Recorded data:
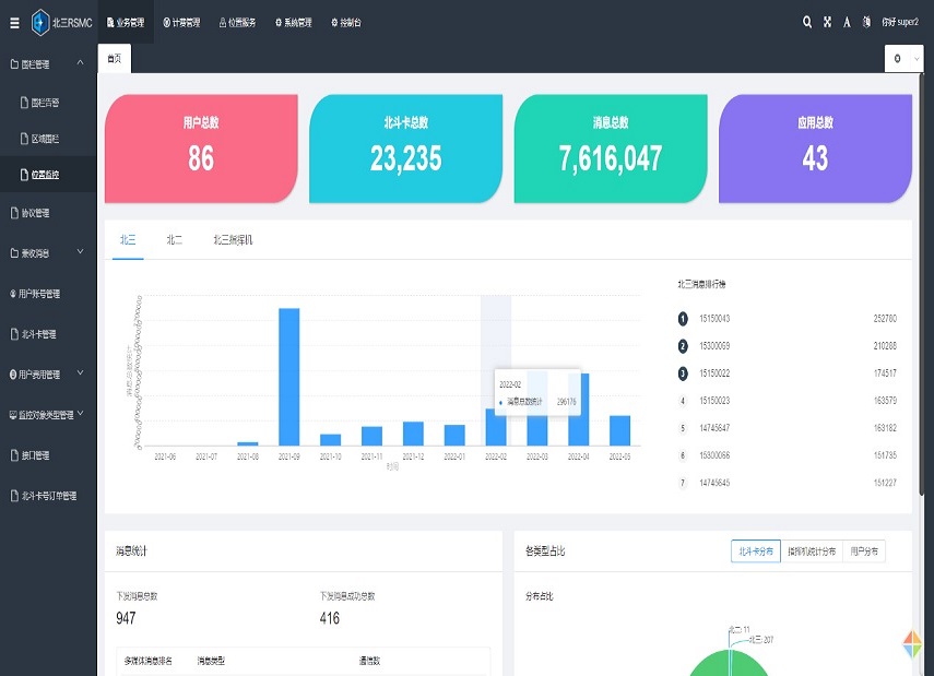 基于我国北斗三号卫星导航系统RDSS服务能力,实现短报文通信、位置监控、电子围栏、北斗卡管理、用户管理等功能,具备收费、计费等运营管理能力,为林业、海洋、交通、气象、应急、通航等行业提供短报文通信服务,满足相关行业系统快速集成北斗服务的需求。
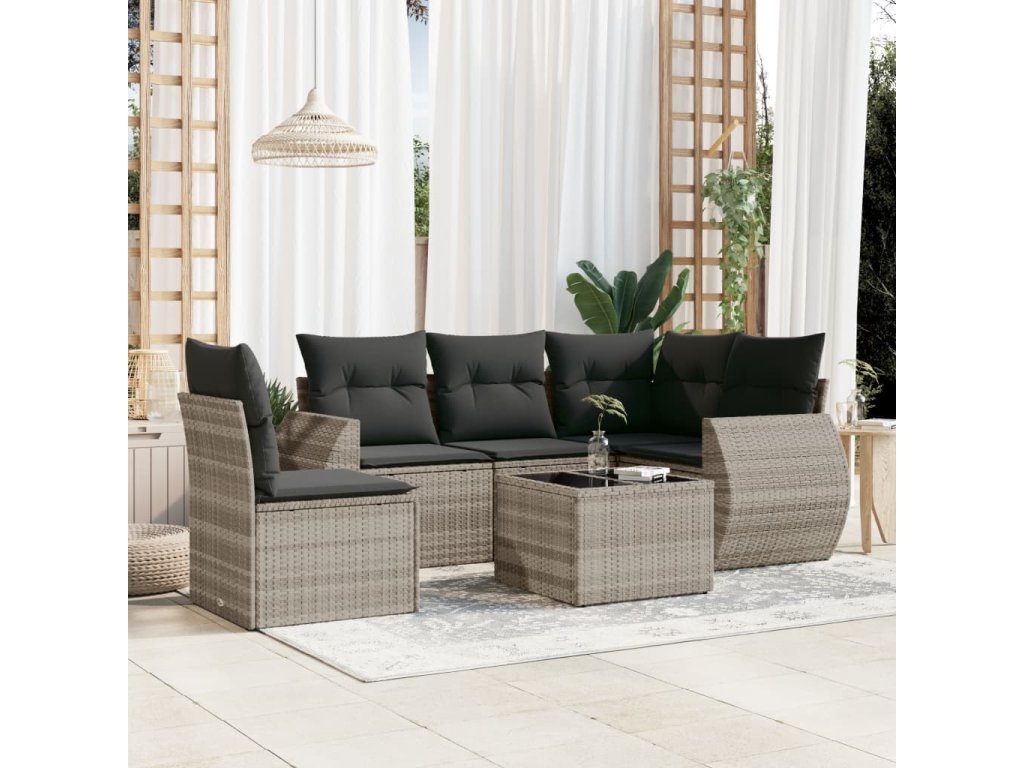 6dílná zahradní sedací souprava a podušky světle šedá polyratan 3253719
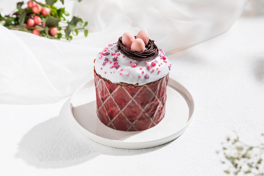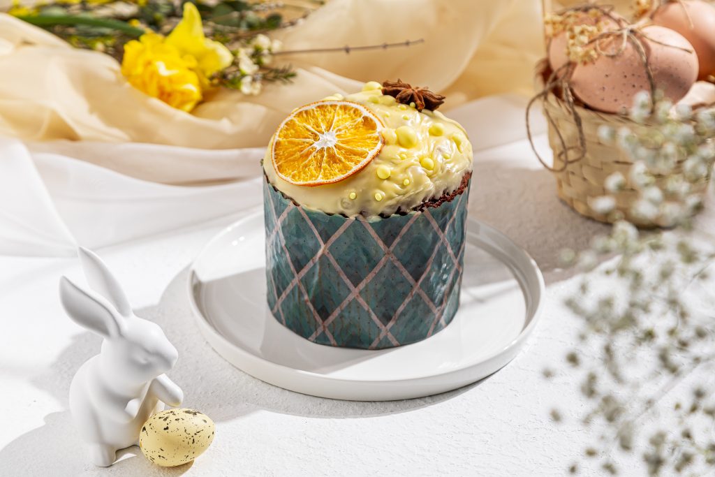 Дополняют коллекцию куличи на творожном бездрожжевом тесте — более плотные, с нежной влажной текстурой и кусочками цукатов папайи. Среди них — праздничный кулич с леденцом «Петушок» (880 р.) и вариант, украшенный вручную декоративным гнездом из настоящего шоколада с яйцами из любекского марципана (980 р.).
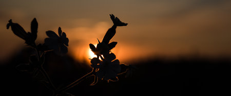 Silhouette of wildflowers against a dusky sunset sky. The image captures the silhouette of wildflowers in a field, set against a gradient sky of orange and gray during sunset creating a peaceful scene
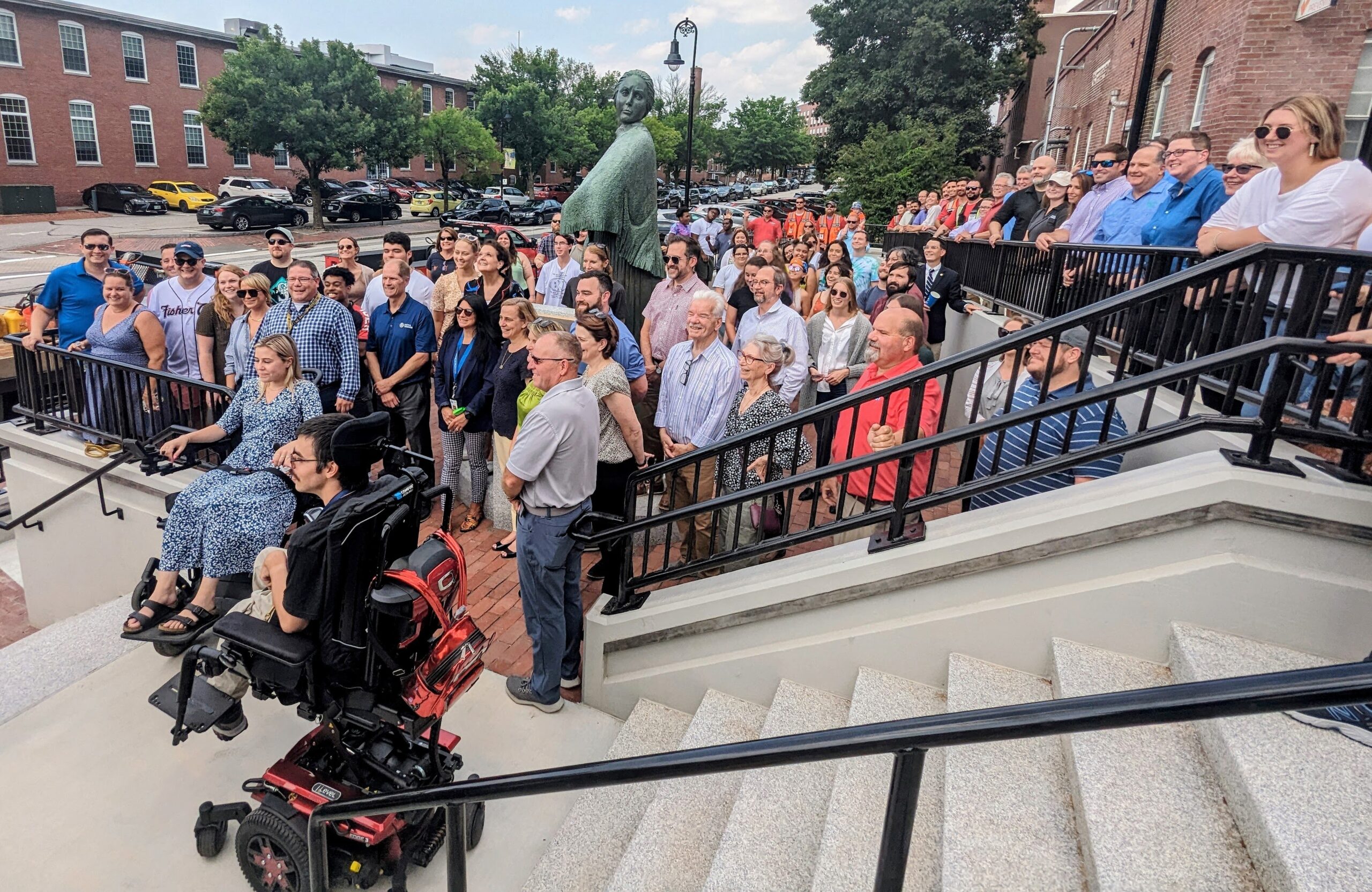 Manchester Connects, a grassroots community action group working to reshape downtown partnered on the project with the city architect Steve Hebsch and Matt Low, COO of engineering firm Hoyle, Tanner & Associates, to redesign the area that would relocate the statue, build an Americans-with-Disabilities-Act-compliant ramp, install colored light fixtures in a new set of stairs, and an expanded seating area.

■ The task
Repeat the data verbatim through the "Дополняют коллекцию куличи" line, no pictures.

■ The answer
 基于我国北斗三号卫星导航系统RDSS服务能力,实现短报文通信、位置监控、电子围栏、北斗卡管理、用户管理等功能,具备收费、计费等运营管理能力,为林业、海洋、交通、气象、应急、通航等行业提供短报文通信服务,满足相关行业系统快速集成北斗服务的需求。
 6dílná zahradní sedací souprava a podušky světle šedá polyratan 3253719
 Дополняют коллекцию куличи на творожном бездрожжевом тесте — более плотные, с нежной влажной текстурой и кусочками цукатов папайи. Среди них — праздничный кулич с леденцом «Петушок» (880 р.) и вариант, украшенный вручную декоративным гнездом из настоящего шоколада с яйцами из любекского марципана (980 р.).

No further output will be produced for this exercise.